И в том и в другом случае блокадной базой мог быть только Плимут, но если от Бреста его отделяло не больше пятидесяти лиг, то от Ферроля почти две сотни. Снабжение и связь таким образом многократно затруднялись, на что и сделал упор Хорнблоуэр.
— Эти трудности, сэр, еще усугубляются наличием преобладающих западных ветров в это время года, — добавил он последний аргумент.
— Пожалуйста, продолжайте, капитан, — подбодрил Хорнблоуэра внимательно слушающий Барроу.
— Но все это мелочи по сравнению с другими факторами, сэр…

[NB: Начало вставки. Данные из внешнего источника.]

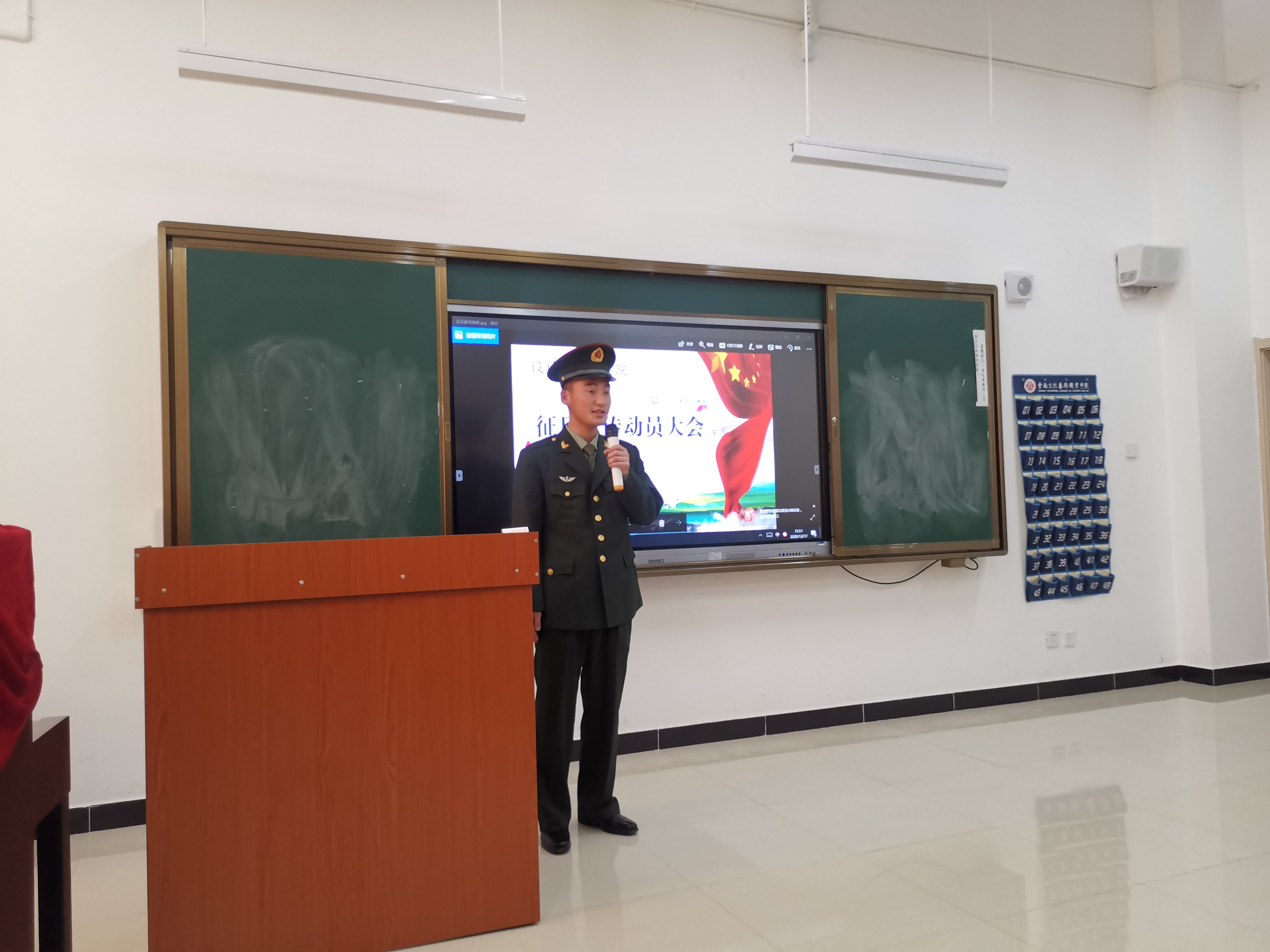 动员大会中,黄昌华同志首先结合自己的从军生涯为师生们作了详细描述,同时他从国防层面、学生层面、政策层面,深入讲解了大学生入伍的重要意义和优惠政策。最后他激动地说道:“有志青年携笔从戎,绽放青春能量,实现家国理想。”师生们听后均受到了极大的鼓舞。

Отсюда ему было уже много легче развивать свою мысль. Блокирующий Ферроль флот не имел возможности укрыться от непогоды. Если блокадная эскадра у Бреста всегда могла избежать ярости внезапно налетевшего с запада шторма в бухте Торбей — кстати говоря, англичане исправно пользовались этим географическим фактором на протяжении полувека, — если в Кадисе можно было рассчитывать на нейтральное положение соседней Португалии и близость Лиссабона и Гибралтара, а в Тулоне, как это делал Нельсон, пользоваться якорными стоянками побережья Сардинии, то в Ферроле ничего подобного не было. Западные ветры могли легко загнать блокирующий флот в самые гиблые тупики Бискайского залива, чьи берега славились своей негостеприимностью, дикостью, крутыми скалами и мерзкой погодой с туманами и дождями. Караулить Вильнева в Ферроле, особенно зимой, представлялось непосильной задачей для любого флотоводца, тем более что из Ферроля имелось сразу несколько выходов в открытое море в отличие, скажем, от Бреста, где такой выход был всего один. При известной доле везения флот любого размера мог покинуть Ферроль незамеченным, чего ни разу не удалось осуществить французам в Бресте.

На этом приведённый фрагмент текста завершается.